Thursday, June 10, 2010

ZOMBIE NIGHTMARE (1986) - when Jon Mikl-Thor sets his mind to something (dead or alive), watch the fuck out

Frank Dietz, future teenage star of Black Roses, shows his range by playing a sensible adult cop who remains emotionless and stiff despite his immediate surroundings.


An opening song can be a good indication of the cinematic quality therein, and here we kick things off with Ace of Spades, chugging along over the opening credits. I wonder how they convinced Lemmy to let them use this song (after all, it’s a really low budget movie). Maybe the filmmakers were buddies with Satan, who was buddies with Lemmy. That must be it. Either way, the song grabs your attention, and we are promised more songs by Fist, Girlschool, Virgin Steele, and some band called "Deathmask" (which, incredibly, I have never heard of). Of course, Thor will provide some tunes, as he also acts in the movie (he’s a multi-dimensional talent who can also bend steel rods and smash bricks on his chest).

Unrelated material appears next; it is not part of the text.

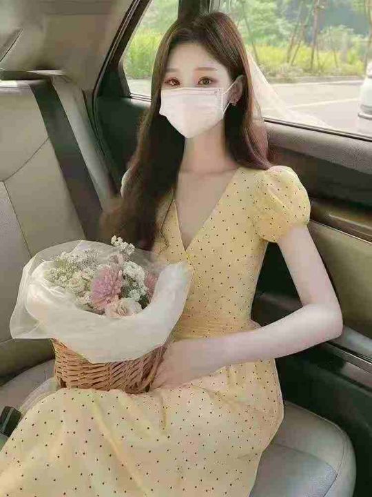 爆款甜美波点法式气质泡泡袖小仙女美爆连衣裙,整款两色,L裙长120厘米,有...

So, two punks watching a little league baseball game get bored and, naturally, decide to rape some girl walking by. Ballplayer and director extraordinaire John Fasano (see Black Roses) tries to intervene on behalf of the rapee, pulling an airplane maneuver on one of the assailants. Unfortunately, he is stabbed, all in the presence of his mother and younger brother Thor. That’s what you get for messing with a rapist.

We cut to modern day, and a grown up Thor (his flowing locks cascading out of the back of his cap, his bulging muscles…oh, sorry) is playing baseball when not being a total mama’s boy. He’s minding his own business, beating up a couple of hooligans robbing a convenience store (one has a mullethawk, btw), when he gets unceremoniously run over by a group of drunk ruffians in a car, including some skunk haired dude and Tia Carrere (co-star of Wayne’s World and naked in Showdown in Little Tokyo). The kids drive off, rather than face the cold arm of the law, or to risk being caught in a patented Mikl-Thor Thorplex.

Our heavy metal hero ends up deceased and stuff, and skunk boy admits that he enjoyed participating in vehicular manslaughter, that it was like "snuffin’ out a big candle". However, the plot takes a turn when the voodoo priestess from the beginning happens upon Thor's body and starts doing some voodoo shit (I’m not a doctor, mind you).


Meanwhile, skunk boy is feeling a bit disenfranchised. His mother is perpetually ragging on him, even calling him a "disrespectful punk". He does what any troubled young man would do when confronted with the obvious, hurling cold spaghetti noodles in her fucking hag face. He then drowns his sorrows by cruising the neighborhood in his hot red compact, blasting some Girlschool (who fucking rock). He meets up with Tia and friends at Twist and Crème,as this is pre-Stan Mikita’s Donuts. They check the local paper for an obituary notice, but don't find anything, forgetting that HEAVY METAL NEVER FUCKING DIES EVER.

Two of the clique members, a couple, decide to play tennis at the local YMCA, followed by a whirlpool make out session (that’s how the gays meet). Zombie Thor happily shows up to snap the guy’s neck, and then crushes the girl’s face with a baseball bat. The oink patrol shows up, along with a coroner with a Bogart accent, and they conclude that the perpetrator is a "large angry person".

Our Thor killers start to get nervous, except for skunk boy, who can't wait to get his hands on the rampaging zombie. Me thinks skunk is getting too big for his britches. He continues on, hitting on a girl who refuses his advances with razor sharp logic, stating "I'm old enough to be your older sister!". He later tries again by repeatedly telling her that he has a large penis. She refuses yet again, so he rapes her at knifepoint. This doesn't sit well with resident feminist and resolute zombie Thor, so he impales this douche with a baseball bat.

No problem. Adam West is on the case, he of a precinct that encourages surly cigar chomping. They plant a double suicide story for the dead couple, and try to pin the murders on the mullethawk guy from earlier, assuming they can wrestle him to the ground, as he flips out at the station as if on a PCP binge (which might be the case, lest I jump to conclusions). In a wonderful touch, Adam, while strolling out for a drink with the other badged piggie, kicks the innocent suspect for no reason (not that the oink patrol needs a reason). One of the bacon boys brings up a reasonable explanation for this whole killing business, but West won't have any of it. He mentions that their suspect couldn't have impaled someone with a baseball bat, but West retorts with "maybe he has a high batting average". After all, snark trumps logic.

The whole things ends in a fitting twist that lays out the bacon enforcement’s true loyalties in this matter. In the end, Thor is our hero, despite the questionable legalities of his process. He is the free thinking, partially deceased arm of justice, completely independent of the bureaucratic shame these uniformed pork chops stuff deep in their psyches. The true villain is this system of immoral order, but skunk boy runs a close second. After all, snuffing out poseurs is a joy second to none (or, in this case, second), and Thor is entitled to enjoy himself after a lifetime and beyond of helping others.